In the same ball field as the flickers were a bunch of magpies. Except for the dipper (whose eyelids are famously white), can you tell me the color of its palpebrae? But I haveta say, I’m really starting to get into this matter of learning the colors of birds’ eyelids. The avian palpebra is destined to be the next big thing in hardcore ID for the serious field birder-you heard it here first. But we’re come to our senses, thanks to Jon and Kimball’s book, and ID’ing warblers from below is now de rigueur for birders. Remember when the Dunn and Garrett warbler guide came out? (And can you believe it’s been almost a quarter century?) Many of us, I think it’s fair to say, were just a bit incredulous about those plates showing warbler after warbler in up-the-undertail poses we’d dismissed as more-or-less useless for real birding applications. I’m working up the manuscript right now: “On the spectral reflectance of the palpebrae of the HY backcross ♂ Northern Flicker, Colaptes auratus cafer x C. So, the Northern Flicker, at least in the case of the hatch-year backcross male, has gray eyelids. Hoping to document the bird vocalizing, I made a video (with a fall field cricket, Gryllus pennsylvanicus, singing in the background): Do Yellow-shafted and Red-shafted flickers differ in their vocalizations? And, if they do, what about their hybrid progeny? I heard the bird call, and that got me to thinking about something I’d discussed a while back with flicker fanatic Steve Shunk. Differences in plumage colour can easily. I wouldn’t call this an “FI” (first-generation) hybrid, but maybe it had a Yellow-shafted grandparent (making it an “F2”) or great grandparent (“F3”)? Discerning flicker backcrosses, like documenting flickers sticking out their tongues, is one of those things we’re doing a lot more of in this age of digital birding. Unlike other woodpeckers, the flicker spends most of its time foraging on the ground (Wiebe and Moore 2008).
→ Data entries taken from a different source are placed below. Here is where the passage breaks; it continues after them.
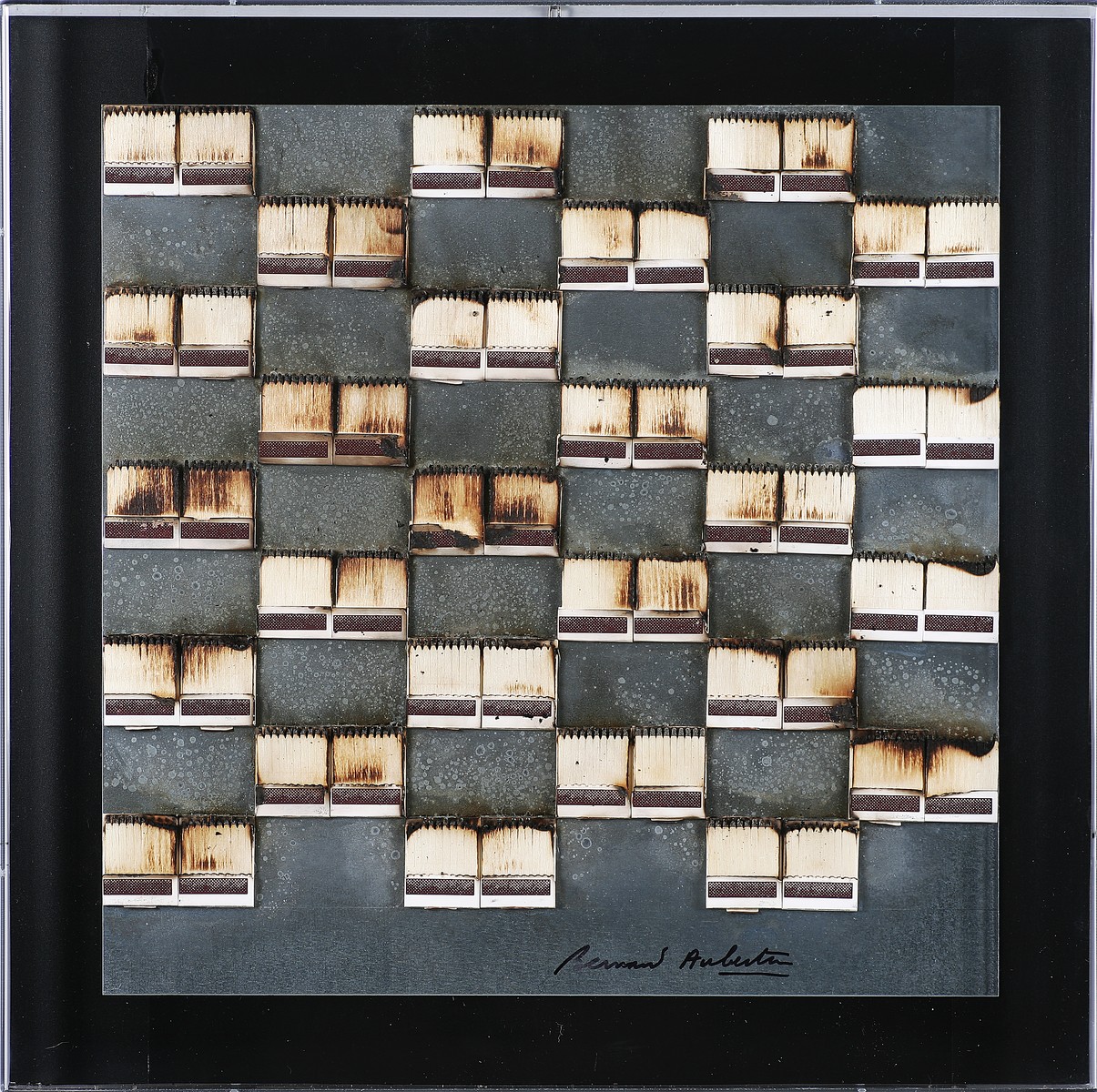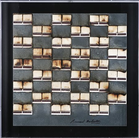 AUBERTIN BERNARD (n. 1934) Senza titolo. Fiammiferi su lamiera. Cm 50,00 x 50,00. In teca di plexiglass. Firma in basso. Autentica dell'artista su fotografia. Cornice presente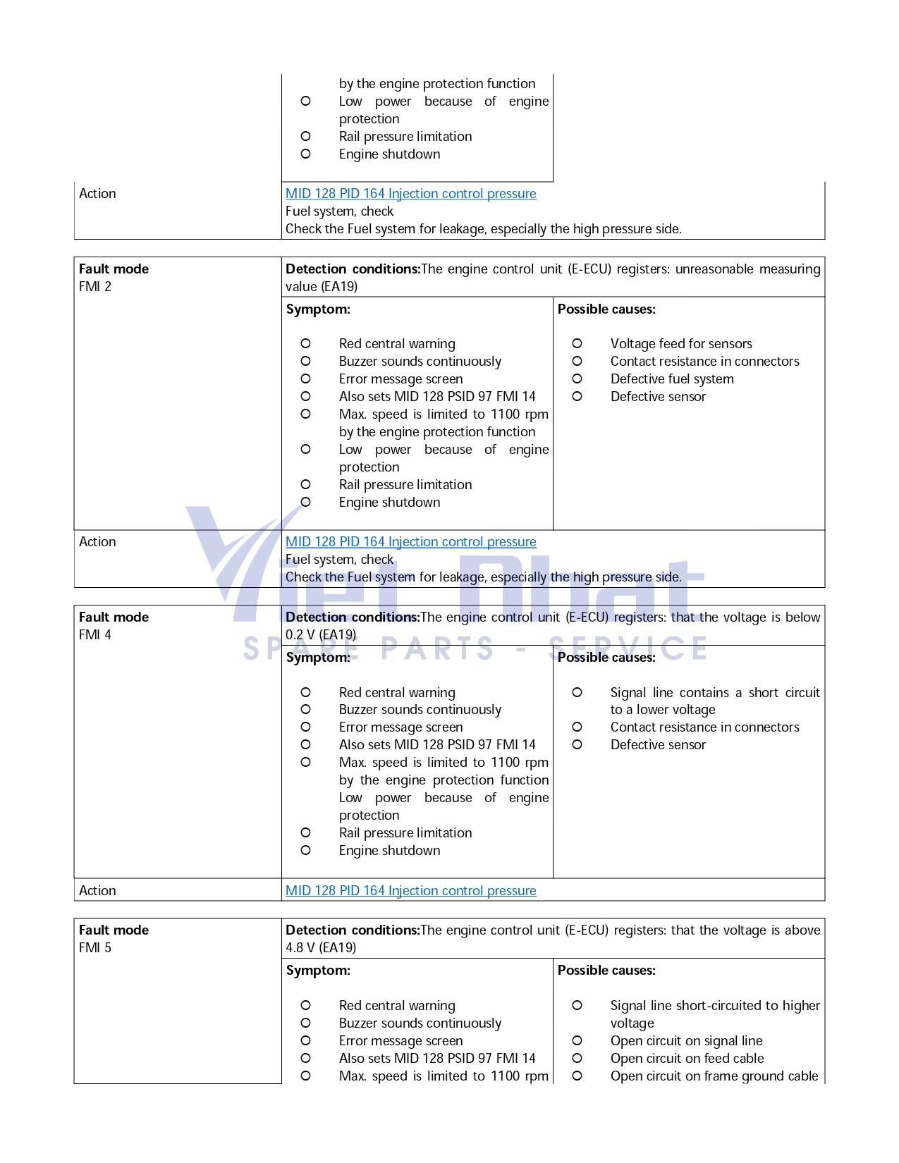 | FMI | Điều kiện ECU ghi nhận lỗi | Nguyên nhân có thể |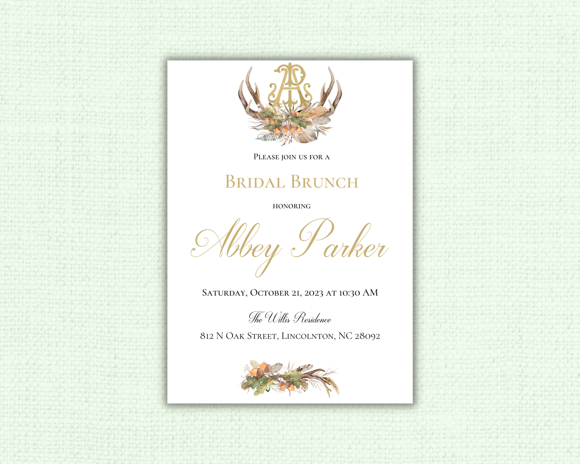 Gather friends and family to celebrate the bride-to-be with our rustic-chic fall bridal brunch invitations. Featuring a charming antler crest accented with autumn florals, these invitations set the perfect tone for a cozy and elegant gathering.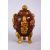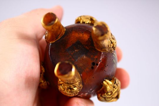 A CHINESE PEKING GILT MOUNTED PAINTED GLASS BOTTLE & COVER, the glass with painted decoration, mounted with gilt metal Buddha figures upon three mask feet, 10cm high.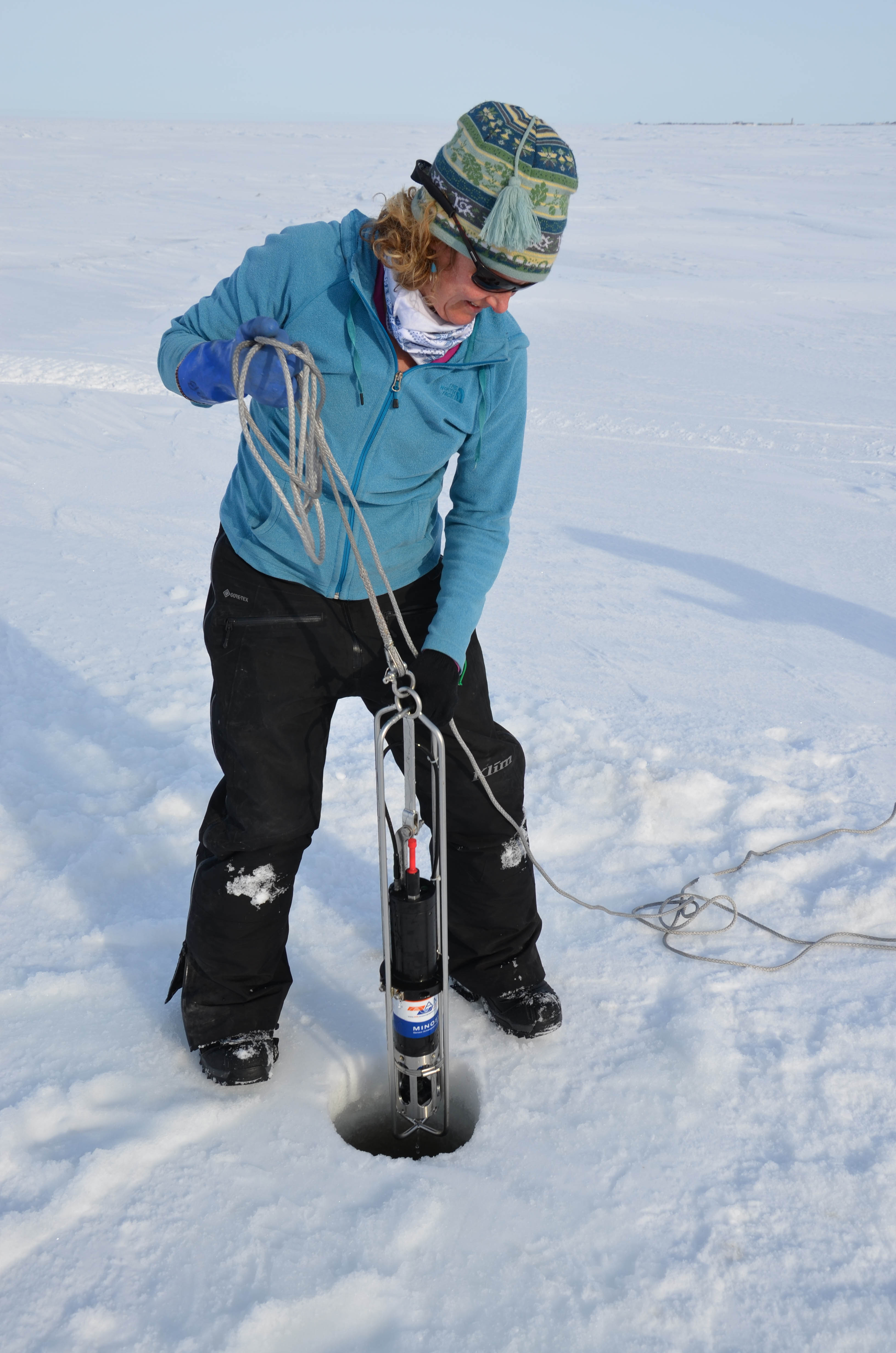 Eloise Petrone Brown lowers an instrument through the ice to measure salinity, depth and temperature of the water. Photo by Ken Dunton, University of Texas, Austin.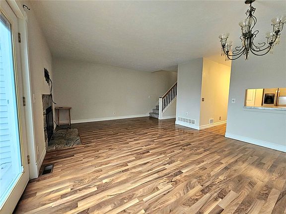 Check out this 2-bed, 2-bath townhouse that's move-in ready! Step into the first floor with a fresh kitchen (brand new in 2023), a cozy living room featuring a wood-burning fireplace, and sliding glass doors that open up to a deck with a view of the peaceful Genesee River. The laundry and half bath finish off the first floor. Upstairs, brand new carpet leads you to two big bedrooms, each with their own bathroom. The primary bathroom has radiant floor heating to keep you warm in these cool winter days.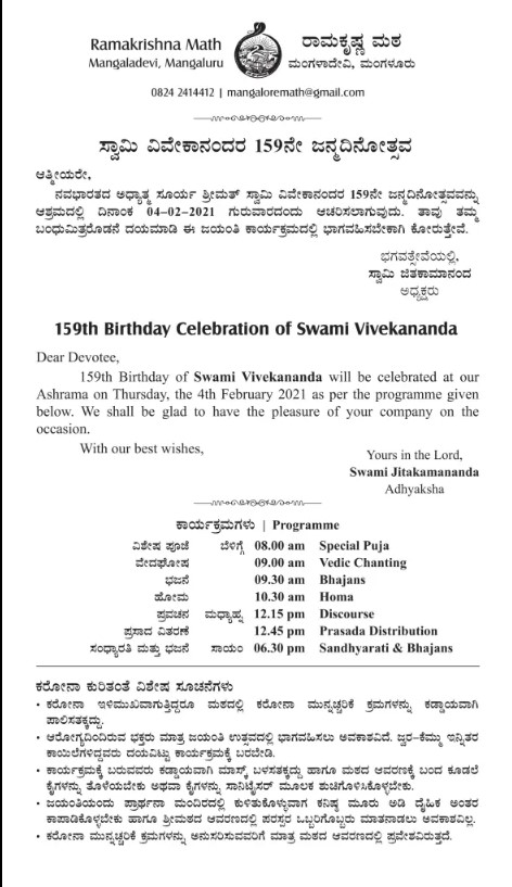 The 159th Birthday of Swami Vivekananda will be observed in our Ramakrishna Math, Mangalore on Thursday, the 4th February 2021 as per the programme details given below. Please stick to the Covid-19 prevention guidelines provided.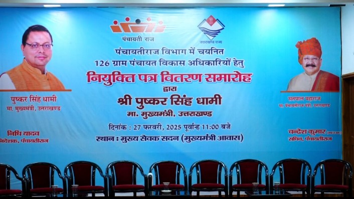 मुख्यमंत्री पुष्कर सिंह धामी ने मुख्यमंत्री आवास देहरादून स्थित मुख्य सेवक सदन में पंचायतीराज विभाग के अन्तर्गत 126 नवनियुक्त ग्राम पंचायत विकास अधिकारियों को नियुक्ति पत्र प्रदान किये। पिछले साढ़े तीन सालों में राज्य में 20 हजार से अधिक युवाओं को सरकारी सेवाओं में नौकरी प्रदान की गई है। मुख्यमंत्री ने सभी
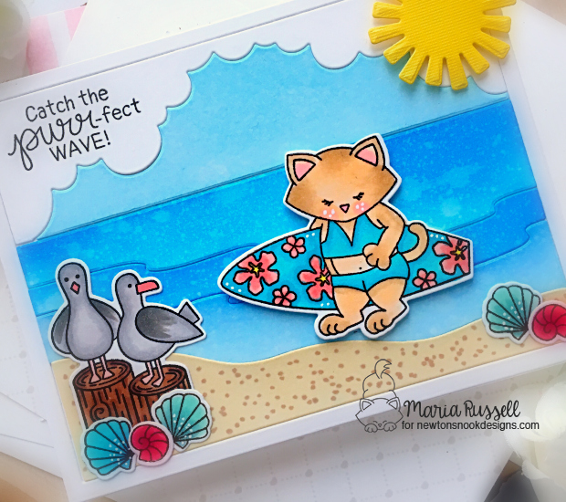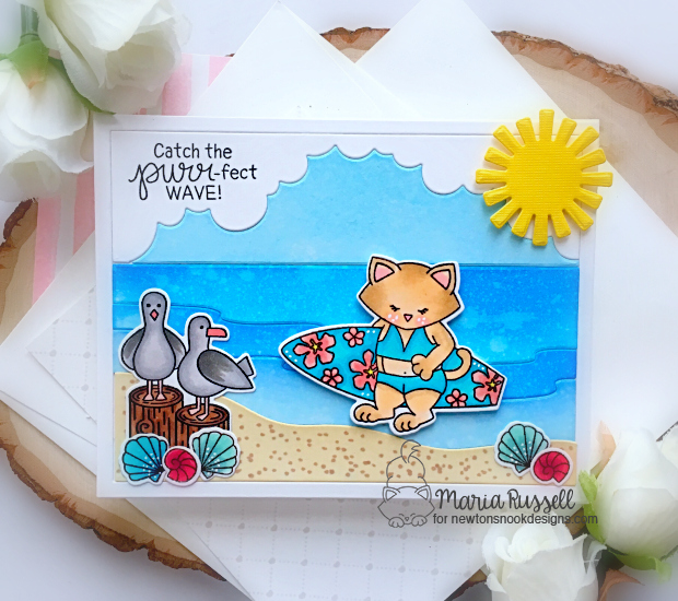 For Day 2, we are showcasing the Summer Moments and Newton’s Seashell stamp sets and their coordinating dies with the Retro Sun Stencil.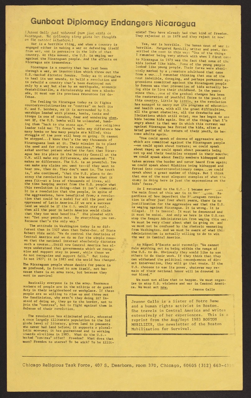 The second page features a personal narrative by Jeanne Gallo, a Sister of Notre Dame and human rights activist. She recounts her observations from a trip to Nicaragua, emphasizing human costs: families torn apart, fear among civilians, and the tangible devastation of U.S. policies. This grassroots, eyewitness perspective fosters empathy while reinforcing the pamphlet’s larger indictment of American aggression. - Religious and Moral Framework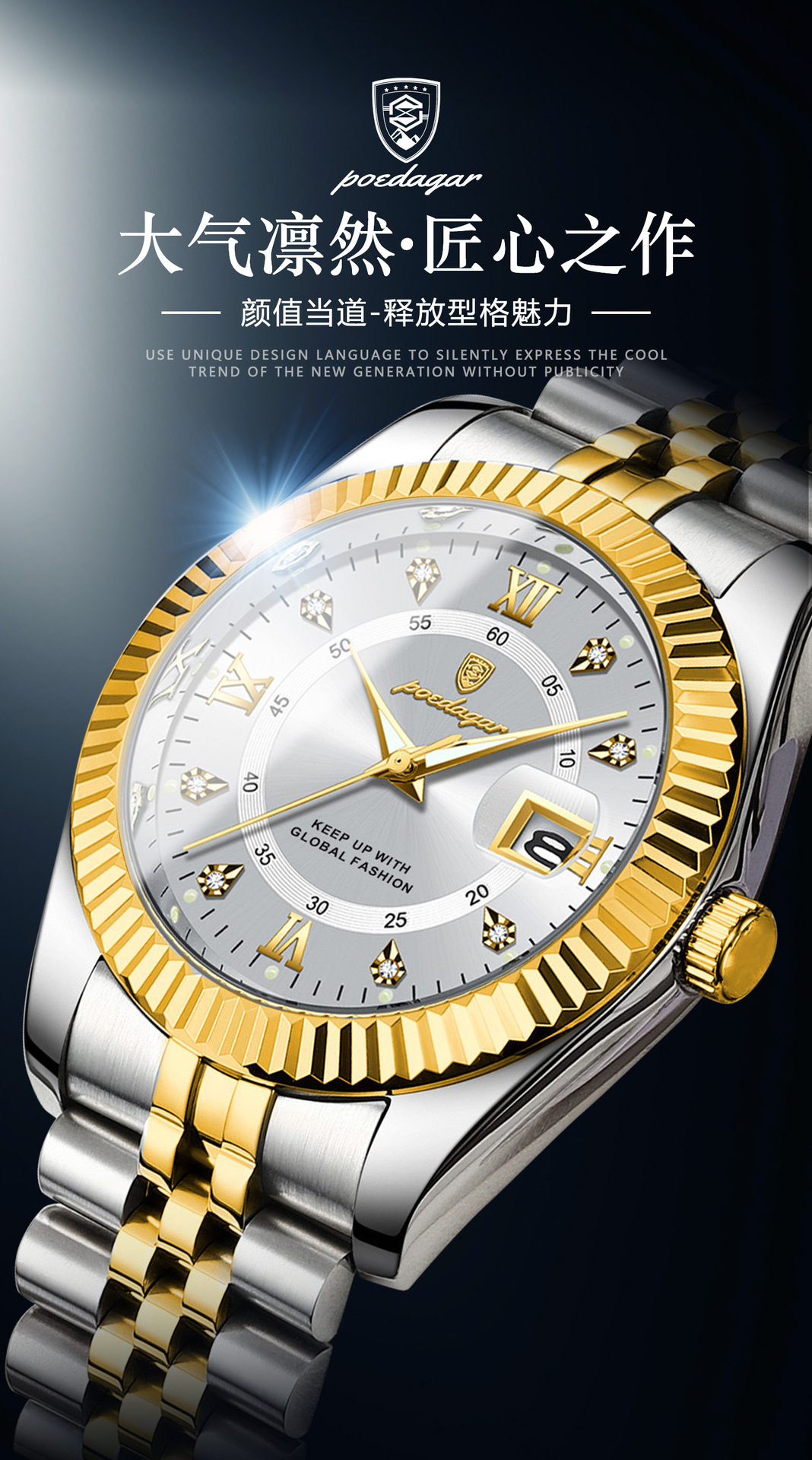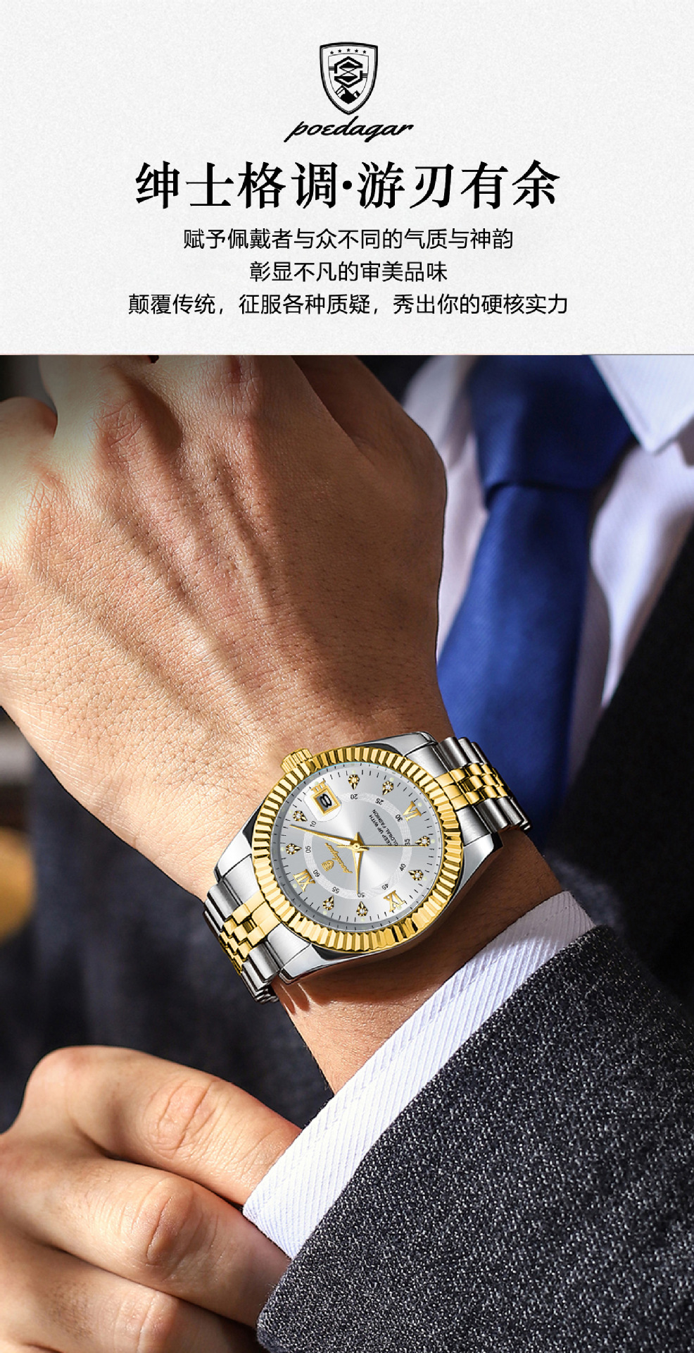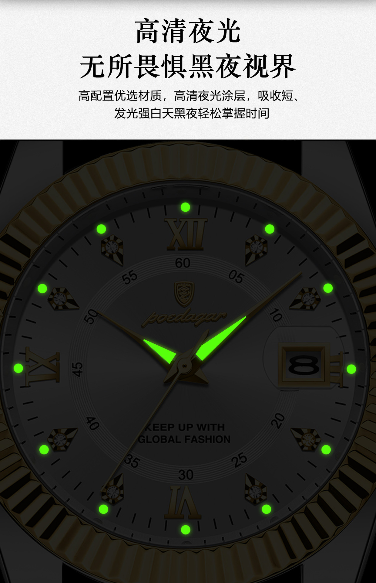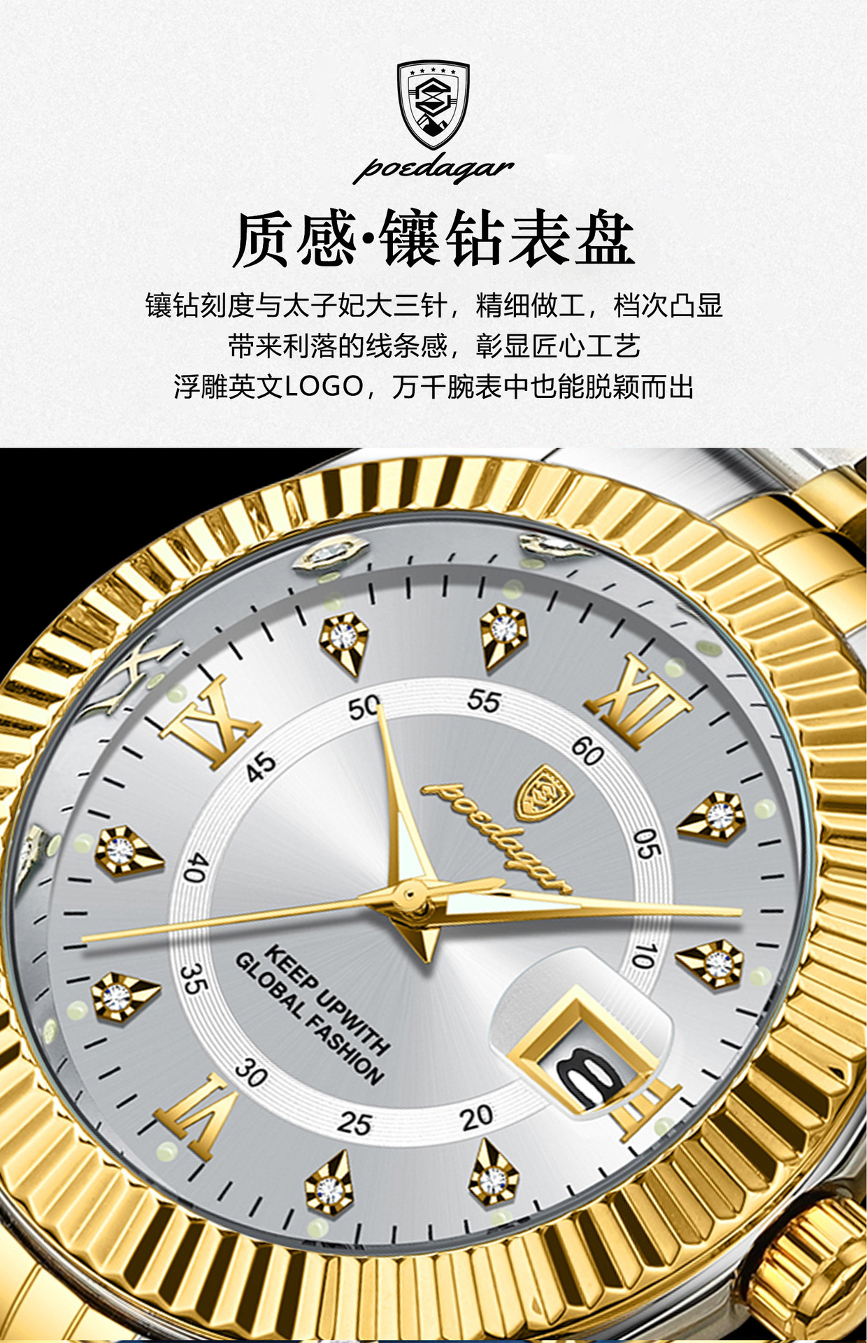 POEDAGAR奢华男士手表防水夜光商务镶钻款石英表直播外贸爆款腕表

See those couple of strands of reddish on the nape? Those are indicative of Yellow-shafted ancestry. These birds are simply searching for a place to call home and you can help provide them with such a place. Problems can arise in places you wouldn’t normally expect them, like heavily wooded areas where these birds appear to have an adequate supply of trees and snags (standing dead trees). I don’t think it’s a Red-shafted Flicker after all. Red-bellied woodpeckers, and the Northern Flicker. There’s something else about this flicker. I’m sure I’ve seen tens of thousands of flickers over the years, but this is the first time I ever saw one stick its tongue out in the manner recorded here. with a bird, any bird, even a very ordinary bird, especially an ordinary bird, more often than not yields a delectable discovery like this one. But there’s a bigger lesson here: A bit of Q. I clicked the clicky button on my camera at precisely the instant this woodpecker stuck out its tongue.
#WOODPECKER FLICKER HOW TO#
What was that again about flicker tongues? In the last installment of How to Know the Birds, we looked at the avian eyelid, so I suppose it was inevitable that there would follow this appreciation of the avian tongue.